Trust Sigma to do things differently! Over the past decade, I have come to enjoy the company’s philosophy of designing and engineering cameras and lenses around specific, important functions, with the conviction to perhaps even sacrifice other aspects. The Sigma fp clearly follows this precept. I was fascinated to learn that the fp notation stands for ‘Fortissimo Pianissimo’— concepts from music theory, for powerful or loud (f), soft or subtle (p)—a reference to the capabilities—design, sensor, scalability and the colour science of the fp.
The Sigma fp is the company’s first camera to move away from Foveon sensors, and use a back-illuminated 24.6MP Bayer sensor (allowing Sigma to develop the fp more conventionally, for speed, AF, and video). There is little that is conventional about the fp, though. Essentially, in my mind, there are three related sets of features of the fp that define the camera, and its potential user.
First, size, weight, modular design, and build. It is the smallest and lightest (422g with the battery) full frame body yet. Made of aluminium alloy for strength and heat conduction, the camera is highly weather resistant, and feels extremely sturdy. With appropriately weather-sealed lenses, the camera can withstand shooting in light rain or sandstorms. A large heat sink with vents separates the body and the LCD panel, with a coating that aids heat conduction, for long continuous videos (up to two hours). The body of the fp acts to dissipate heat.
The brick-like fp is also fantastically modular, with three tripod sockets (one on each side) on which screws the camera strap lugs, or dedicated accessories like the flash mount module (included with the camera), a variety of grips, the viewfinder (that fits over the fp’s LCD, cutting light and magnifying by 2.5x), along with a baseplate with a 3/8-inch thread (all made by Sigma), or a cine cage by independent manufacturers. This is a camera built for accessories.
Additionally available from Sigma is the PL-L adapter for cine lenses, or the EF-L for Canon’s EF-mount lenses to be converted to the native L-mount of the fp. The L-mount currently has 15 native lenses from Sigma, and 34 from both Leica and Panasonic.
Second. The sensor, shutter, and video capabilities. Most still photography features are all comfortably available in the fp, supported by a very versatile sensor—14-bit DNG, 18fps burst shooting (5fps with AF, buffer of 12 frames with RAW, after which it slows to about 1fps), an interval timer, various colour modes including HDR and Sigma’s Fill Light function, flash and exposure modes, seven different aspect ratios, and an exceptionally useful tone control for highlights and shadows, an ISO range of 100–25600 (uniquely expandable to ISO 6 at the low end). To maximise detail, there is no low pass filter. AF is contrast detect only, with no phase detect available, but capable of focus down to -5EV, and features Eye AF and Face Detection. The fp lacks in-body stabilisation.
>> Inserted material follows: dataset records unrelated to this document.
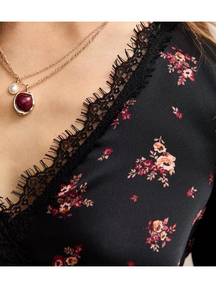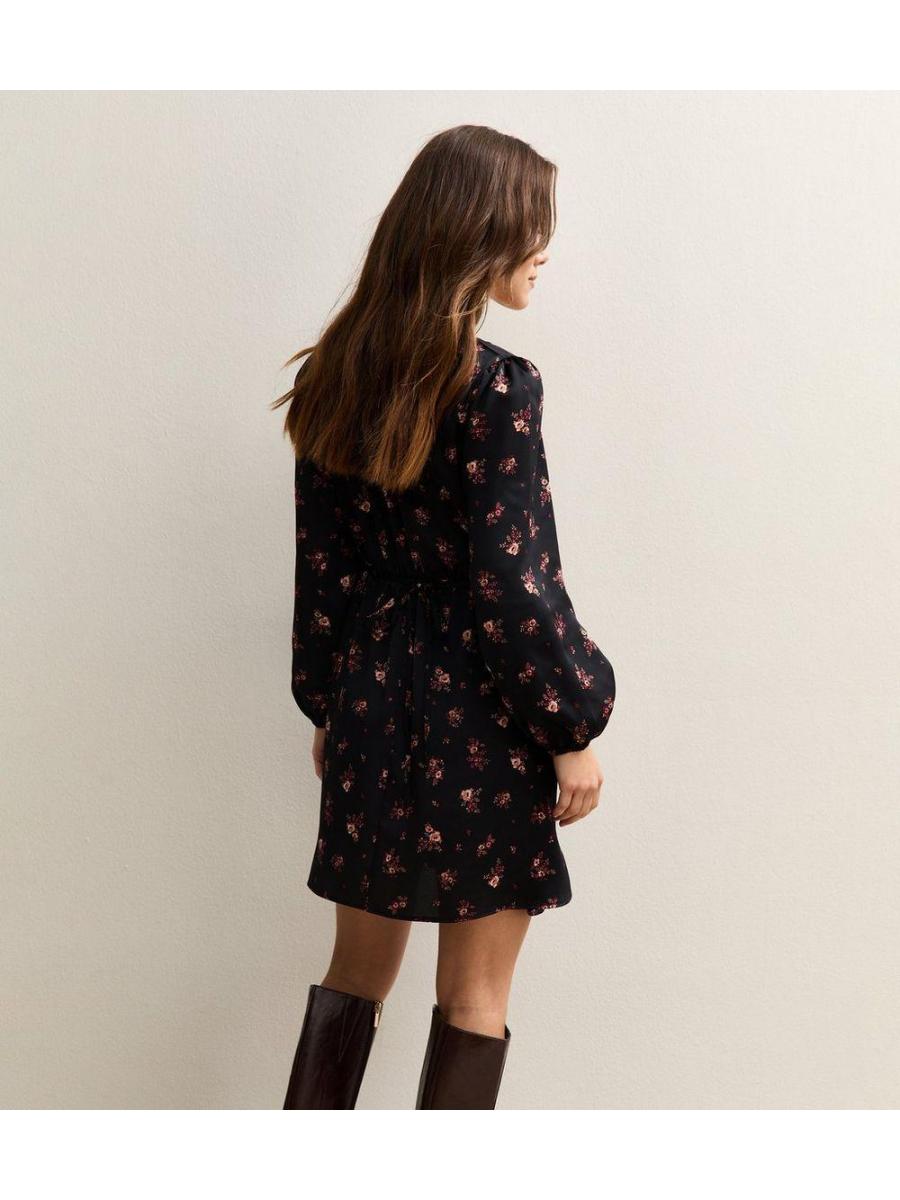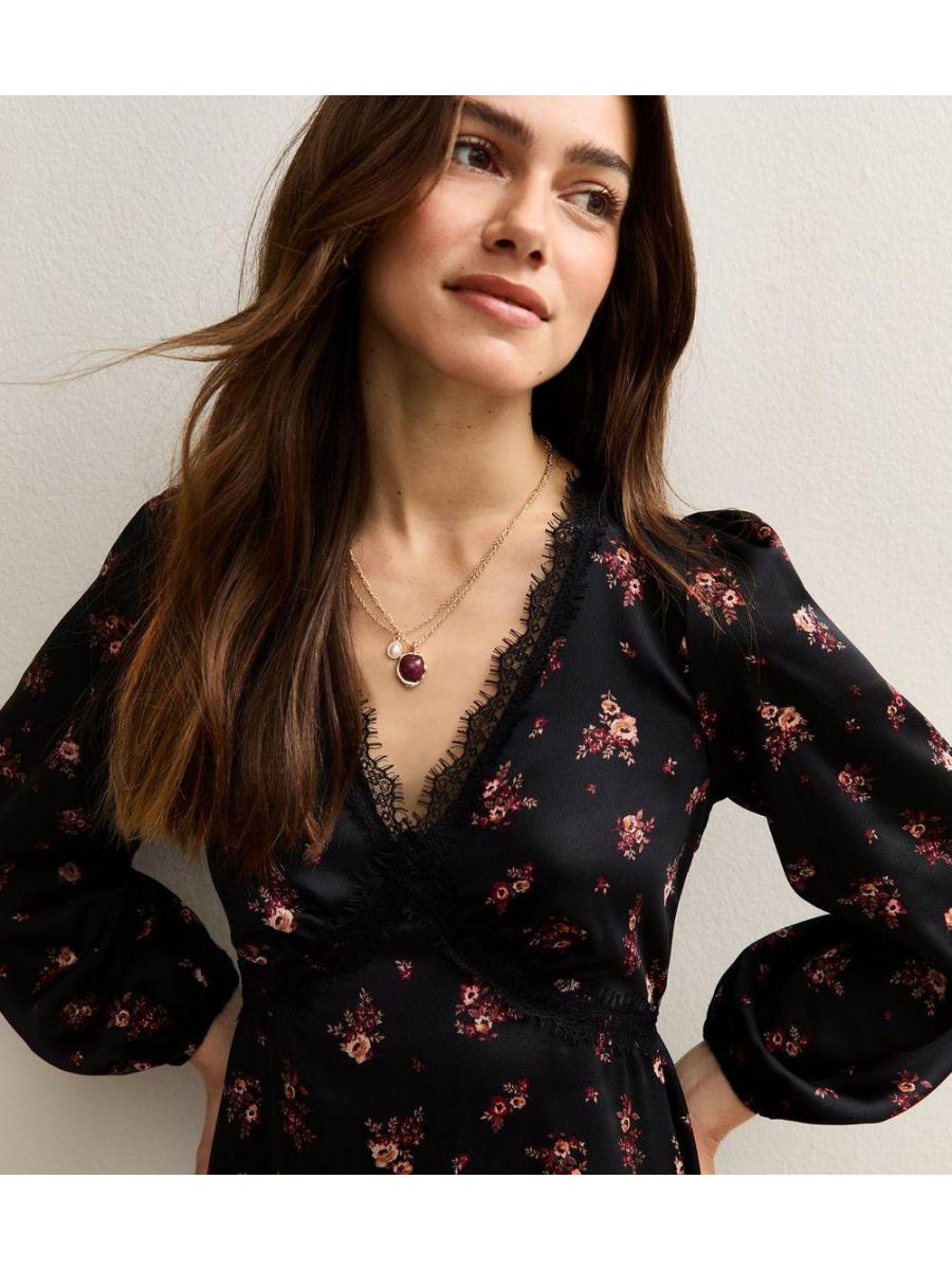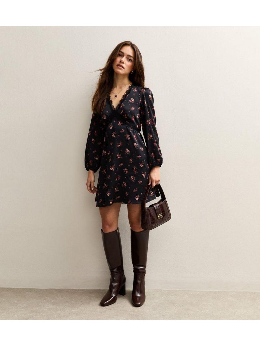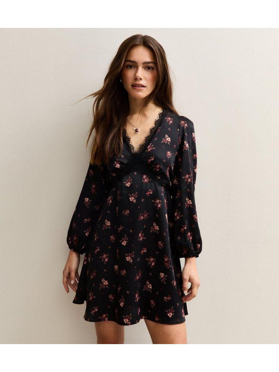 Petite Black Ditsy Print Satin Lace Trim Mini Dress
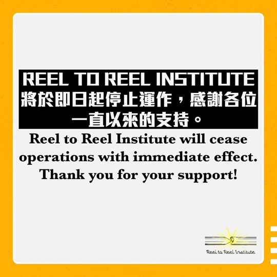 上圖所見,便是Reel to Reel Institute在其官方Facebook專頁的圖片,當中只寫出將於即日起停止運作,感謝各位一直以來的支持。然而,卻未有交代停止運作的原因。
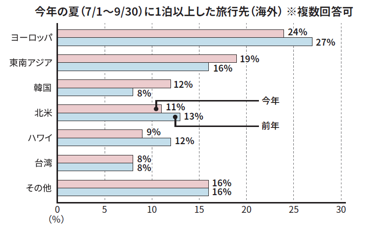 今年の夏に国内旅行をされたかたは81% 、海外旅行は39%に。海外の渡航先はヨーロッパ、北米、ハワイが減少した一方、アジア圏が昨年の32%から39%へ増加し、近距離の渡航先が増加傾向に。
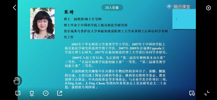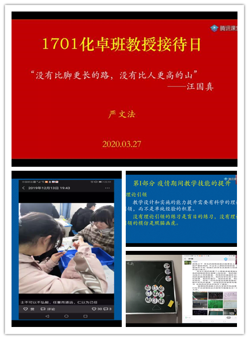 3月27日,2017级化学卓越教师实验班在腾讯课堂开展 “教授接待日”活动,此次请到的是严文法老师,严老师围绕同学们关心的三个方面的问题进行了解答。首先是疫情期间教学技能的提升,严老师提出了三个建议,第一要有理论的引领;第二是要进行实践反思;第三就是要有榜样示范。此外严老师还针对目前同学们的微课设计进行了点评,对实验创新设计不足的问题进行了专业讲解。其次,严老师就同学们关心的就业问题,谈了自己的看法,分享了自己的见闻,寄语同学们永远不要熄灭心中的火焰和暗淡眼神里的光芒。最后严老师鼓励同学们树立终身从教的理想信念。
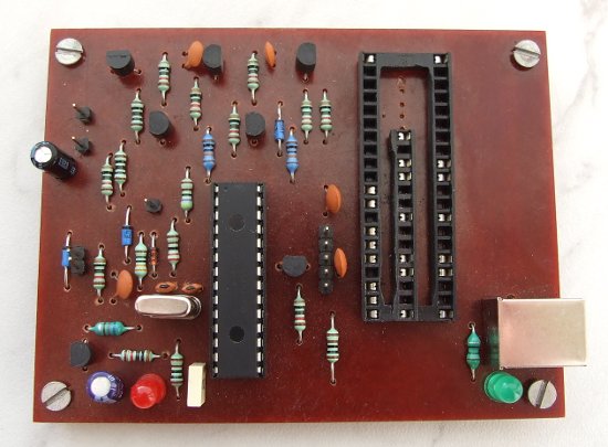 Krótka praca z programatorem na LPT spowodowała że zacząłem szukać w internecie rozwiązania lepszego, programatora na USB. Nie szukałem długo ponieważ autor programu PBrennerNG stworzył bardzo dobry programator Brenner8P na USB wraz z softem US-Burn (program dostępny jest zarówno na system Windows jak i Linux). Programator oparty jest o mikrokontroler PIC18F2550 który sprzętowo obsługuje interfejs USB, ponadto wyeliminowany został problem z zewnętrznym zasilaniem ponieważ na płytce znajduje się przetwornica która zwiększa napięcie programowania w zależności od wykrytego uC. Strona autora zawiera pełną dokumentację potrzebną do wykonania tego programatora (wzór PCB, lista części, schemat ideowy, wsad do mikrokontrolera).
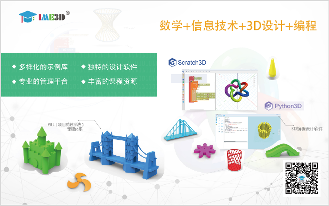 產品詳細介紹 該實驗室結合圖形化編程(Scratch)和代碼編程(Python)方式,以【數學知識+信息技術+3D設計+編程】為主要切入點,選用IME3D系列化軟件中的3D編程設計軟件Scrath3D和Python3D,及其配套的項目制(PBL)基礎和主題課程體系,將編程邏輯、3D設計和開源硬件相結合,開展編程式3D設計教育課程和各項活動。
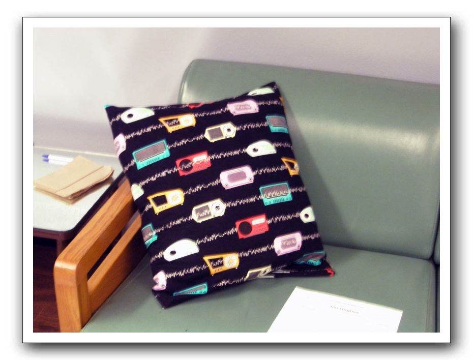 The lounge, or green room, features some throw pillows made by Cece Forrester with a vintage radio motif. In the early days of WRCR in lower Burpee Center, this space was the engineering workshop, record library and Traffic Department.
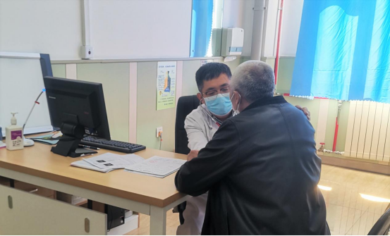 “老大爷,我们是无假日医院,您检查完就回来找我,我一整天都在。”呼吸科于世寰教授在诊室内为一名患者诊查身体。

In a departure from the other full frame cameras, the Sigma fp uses a full-time electronic shutter, and has no mechanical shutter at all. This serves to reduce a moving component in the camera, thereby eliminating viewing or shooting lag, camera shake because of shutter shock, and potential mechanical stress failure, improving overall reliability. Electronic shutters are also perfectly quiet.
There is a significant downside to this. The maximum flash sync speed is 1/30th sec (1/15th sec with 14-bit DNG), with the Sigma EF-630 flash, limiting its use in various conditions (within a studio, or as a fill in, or with people photography when ambient light needs to be factored in). And there is the potential for rolling shutter problems.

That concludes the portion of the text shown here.